The classification results of the six evaluation items, except for “Awkward” and “Inhuman”, are shown in Table 3. Items with one peak at 0 or 1 step are classified into the first column. Items with one peak at 2 or more steps are in the fourth column. Items with two peaks, one at 0 or 1 step and the other at 2 or more steps, are classified into the second column. Items with two peaks both at 2 or more steps are classified into the third column. The distribution of subjects on “Inspiring” in the “It listens” section has a peak at 1 and 2 steps with equal values. It is determined that the peak is at 2 steps because the sum of the number of subjects at 2 or more steps is larger than that at 0 or 1 step. The distribution of subjects on “Easy to talk to” in the “It listens” section has a peak at 1 and 2 steps with equal value. It is determined that the peak is at 1 step because the sum of the number of subjects at 0 or 1 step is larger than that at 2 or more steps.

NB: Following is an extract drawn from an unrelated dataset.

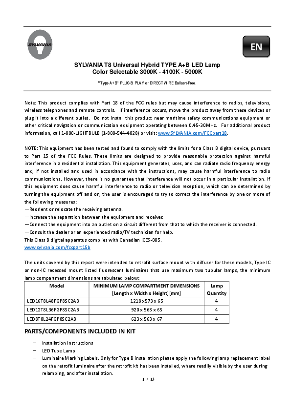 SYLVANIA T8 Universal Hybrid TYPE A+B LED Lamp Color Selectable 3000K - 4100K - 5000K "Type A+B" PLUG & PLAY or DIRECT WIRE Ballast-Free. EN Note: This product complies with Part 18 of the FCC rules but may cause interference to radios, televisions, wireless telephones and remote controls. If interference occurs, move the product away from these devices or plug it into a different outlet. Do not install this product near maritime safety communications equipment or other critical navigation or communication equipment operating between 0.45-30MHz. For additional product information, call 1-800-LIGHTBULB (1-800-544-4828) or visit: www.SYLVANIA.com/FCCpart18. NOTE: This equipment has been tested and found to comply with the limits for a Class B digital device, pursuant to Part 15 of the FCC Rules. These limits are designed to provide reasonable protection against harmful interference in a residential installation. This equipment generates, uses, and can radiate radio frequency energy and, if not installed and used in accordance with the instructions, may cause harmful interference to radio communications. However, there is no guarantee that interference will not occur in a particular installation. If this equipment does cause harmful interference to radio or television reception, which can be determined by turning the equipment off and on, the user is encouraged to try to correct the interference by one or more of the following measures: --Reorient or relocate the receiving antenna. --Increase the separation between the equipment and receiver. --Connect the equipment into an outlet on a circuit different from that to which the receiver is connected. --Consult the dealer or an experienced radio/TV technician for help. This Class B digital apparatus complies with Canadian ICES-005. www.sylvania.com/fccpart15b The units covered by this report were intended to retrofit surface mount with diffuser for these models, Type IC or non-IC recessed mount listed fluorescent luminaires that use maximum two tubular lamps, the minimum lamp compartment dimensions are tabulated below: Model LED16T8L48FGP8SC2AB MINIMUM LAMP COMPARTMENT DIMENSIONS [Length x Width x Height][mm] 1218 x573 x 65 Lamp Quantity 4 LED12T8L36FGP8SC2AB 920 x 568 x 65 4 LED8T8L24FGP8SC2AB 623 x 563 x 67 4 PARTS/COMPONENTS INCLUDED IN KIT - Installation Instructions - LED Tube Lamp - Luminaire Marking Labels. Only for Type B installation please apply the following lamp replacement label on the retrofit luminaire after the retrofit kit has been installed, where readily visible by the user during relamping, and after installation. 1 / 13 WARNINGS TYPE A Application (PLUG & PLAY, Ballast compatible) To avoid personal injury and/or possible product damage, the following cautions must be followed: · Read all safety information and instructions before installation. · RISK OF ELECTRIC SHOCK. Disconnect power at fuse or circuit breaker before installing or servicing. · Suitable for damp locations - Not for use where directly exposed to water. · Caution: Do not use with dimmers. · This device is not intended for use with emergency exits. · CAUTION - RISK OF FIRE. USE ONLY IN PLACE OF FLUORESCENT LAMPS SPECIFIED ON PRODUCT LABEL. · CAUTION RISK OF FIRE IF THE LAMP OR LUMINAIRE EXHIBITS UNDESIRABLE OPERATION (BUZZING, FLICKERING, ETC), IMMEDIATELY TURN OFF POWER, REMOVE LAMP FROM LUMINAIRE AND CONTACT MANUFACTURER. · CAUTION - RISK OF FIRE. IF LAMP DOES NOT LIGHT WHEN THE LUMINIARE IS ENERGIZED, REMOVE LAMP FROM LUMINAIRE AND CONTACT LAMP MANUFACTURER OR QUALIFIED ELECTRICIAN. · CAUTION - RISK OF FIRE OR ELECTRIC SHOCK. When working with electronics ballast, please check the compatible list first. If you do not find your ballast on the list, then please bypass the fixture as a Type B installation or contact us for support. Do not install the LED tube with the ballast which not on the ballast compatible list. · To prevent damage to lamp, lamp must not be energized when color (CCT) selector switch is changed. WARNINGS TYPE B Application (DIRECT WIRE, Ballast-Free) To avoid personal injury and/or possible product damage, the following cautions must be followed: · Read all safety information and instructions before installation. · RISK OF ELECTRIC SHOCK. Disconnect power at fuse or circuit breaker before installing or servicing. · To prevent damage to lamp, lamp must not be energized when color (CCT) selector switch is changed. · Suitable for damp locations - Not for use where directly exposed to water. · Caution: Do not use with dimmers. · This device is not intended for use with emergency exits. · To prevent early lamp failure, lamp should only be installed in operating environments ranging between: -20°C and +45°C (-4°F and +113°F). · WARNING RISK OF FIRE OR ELECTRIC SHOCK. LED Retrofit Kit installation requires knowledge of luminaires electrical systems. If not qualified, do not attempt installation. Contact a qualified electrician. · WARNING RISK OF FIRE OR ELECTRIC SHOCK. Install this kit only in the luminaires that have the construction features and dimensions shown in the photographs and/or drawings and where the input rating of the retrofit kit does not exceed the input rating of the luminaire. · Do not make or alter any open holes in an enclosure of wiring or electrical components during kit installation. · WARNING - To prevent wiring damage or abrasion, do not expose wiring to edges of sheet metal or 2 / 13 other sharp objects. · Installers should not disconnect existing wires from lamp socket terminals to make new connections at lamp socket terminals. Instead, installer should cut existing lamp socket leads away from the lamp socket and make new electrical connections to lamp socket lead wires by employing connectors suitable for the application. · THIS RETROFIT KIT IS ACCEPTED AS A COMPONENT OF A LUMINAIRE WHERE THE SUITABILITY OF THE COMBINATION SHALL BE DETERMINED BY AUTHORITIES HAVING JURISDICTION. PRODUCT MUST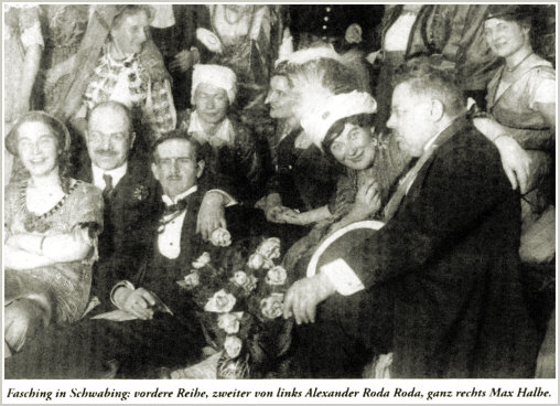 Hauptsitz des "jungen" München war also Schwabing. Brentanos Utopie einer "poetischen Existenz" wurde dort allenthalben wiederbelebt. Kunstandachten, Künstlerfeste, Faschingsbälle, das "selbstvergnügte Capua", an das sich Thomas Mann noch 1944 erinnern wird, wurden zum Markenzeichen. Schwabing wurde beschrieben mit "... seinen esoterischen Koterien, die hinter dem Siegestor ästhetische Abendfeiern zelebrierten, seiner in öffentliches Wohlwollen gebetteten und grundbehaglichen Boheme"63.

The items in the first column of Table 3 are generally relational items. The subjects formed one group and tended to relate the system evaluations for the items to the dialogue evaluation. The items in the second column are individually relational items. The subjects formed two groups, the evaluation tendencies differed across subjects for the items, and some subjects related the evaluations. The items in the third and fourth columns are non-relational items. In this study, the items in the third column are treated as simply non-relational, along with the items in the fourth column. Although there were two groups of subjects and they might differ in their evaluations for the items in the third column, neither group related them. Since the aim is to investigate how the subjects related the evaluations, how they did not relate them is not addressed. Future research on negative evaluations, such as indifference or negative impacts, could provide additional findings.

4. Discussion

In this experiment, the subjects communicated with the human-like dialogue system using generative AI. The system behaved differently in three interaction settings. The subjective evaluations of the system and dialogues varied among individual subjects. Focusing on the individual evaluations, a cluster analysis of the links in the evaluations was conducted. Based on the analysis results, the cumulative results of all subjects’ evaluations were organized, as shown in Figure 7. According to the cumulative results, the system evaluation items were classified, as shown in Table 3. The “awkward” and “inhuman” items were excluded from the classification, since they were not related to the positive dialogue evaluations. The irrelevance of “inhuman” indicates that the human-likeness of the system was preferred in its dialogues.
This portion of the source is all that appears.